SUPPLIED DATA Block Start

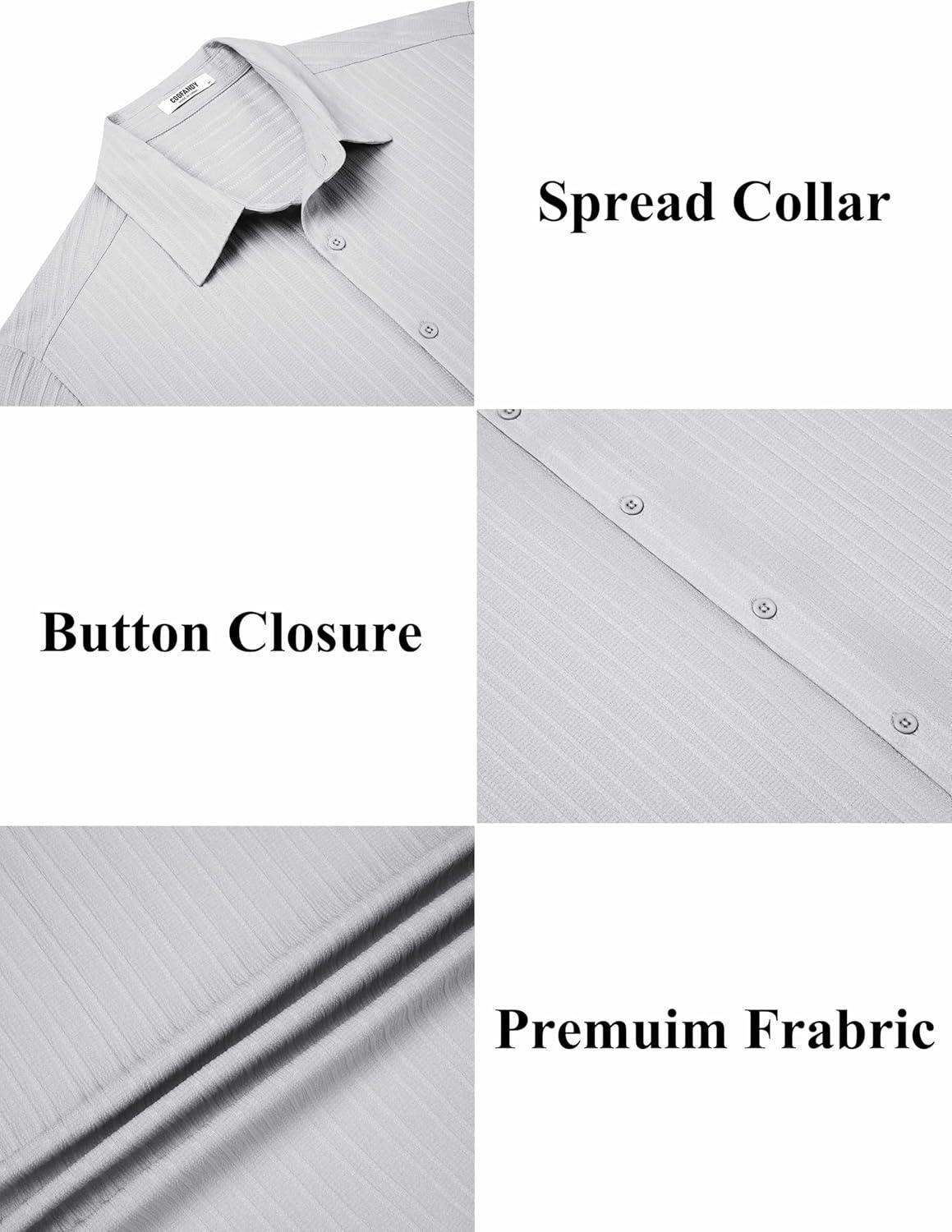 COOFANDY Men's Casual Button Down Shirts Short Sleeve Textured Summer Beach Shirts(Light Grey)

SUPPLIED DATA Block End
SUPPLIED DATA Block Start

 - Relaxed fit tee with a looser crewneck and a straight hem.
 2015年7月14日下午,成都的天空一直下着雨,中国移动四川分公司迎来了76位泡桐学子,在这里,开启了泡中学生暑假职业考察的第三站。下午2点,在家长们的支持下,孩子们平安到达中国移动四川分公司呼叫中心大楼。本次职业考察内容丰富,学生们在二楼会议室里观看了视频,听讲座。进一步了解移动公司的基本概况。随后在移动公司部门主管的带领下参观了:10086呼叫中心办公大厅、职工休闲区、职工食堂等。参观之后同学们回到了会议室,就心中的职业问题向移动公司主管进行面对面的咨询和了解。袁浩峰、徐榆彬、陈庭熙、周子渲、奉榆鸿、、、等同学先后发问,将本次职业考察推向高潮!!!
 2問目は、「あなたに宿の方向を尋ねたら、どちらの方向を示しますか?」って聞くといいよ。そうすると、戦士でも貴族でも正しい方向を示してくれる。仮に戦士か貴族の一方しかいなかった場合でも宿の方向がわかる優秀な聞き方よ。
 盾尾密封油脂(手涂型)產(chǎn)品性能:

SUPPLIED DATA Block End

**WHAT NEEDS TO BE DONE**
Only the lines above from the line with "- Relaxed fit" to the line with "2015年7月14日下午,成", those two lines included, should be reproduced exactly.

**ANSWER BOX**
 - Relaxed fit tee with a looser crewneck and a straight hem.
 2015年7月14日下午,成都的天空一直下着雨,中国移动四川分公司迎来了76位泡桐学子,在这里,开启了泡中学生暑假职业考察的第三站。下午2点,在家长们的支持下,孩子们平安到达中国移动四川分公司呼叫中心大楼。本次职业考察内容丰富,学生们在二楼会议室里观看了视频,听讲座。进一步了解移动公司的基本概况。随后在移动公司部门主管的带领下参观了:10086呼叫中心办公大厅、职工休闲区、职工食堂等。参观之后同学们回到了会议室,就心中的职业问题向移动公司主管进行面对面的咨询和了解。袁浩峰、徐榆彬、陈庭熙、周子渲、奉榆鸿、、、等同学先后发问,将本次职业考察推向高潮!!!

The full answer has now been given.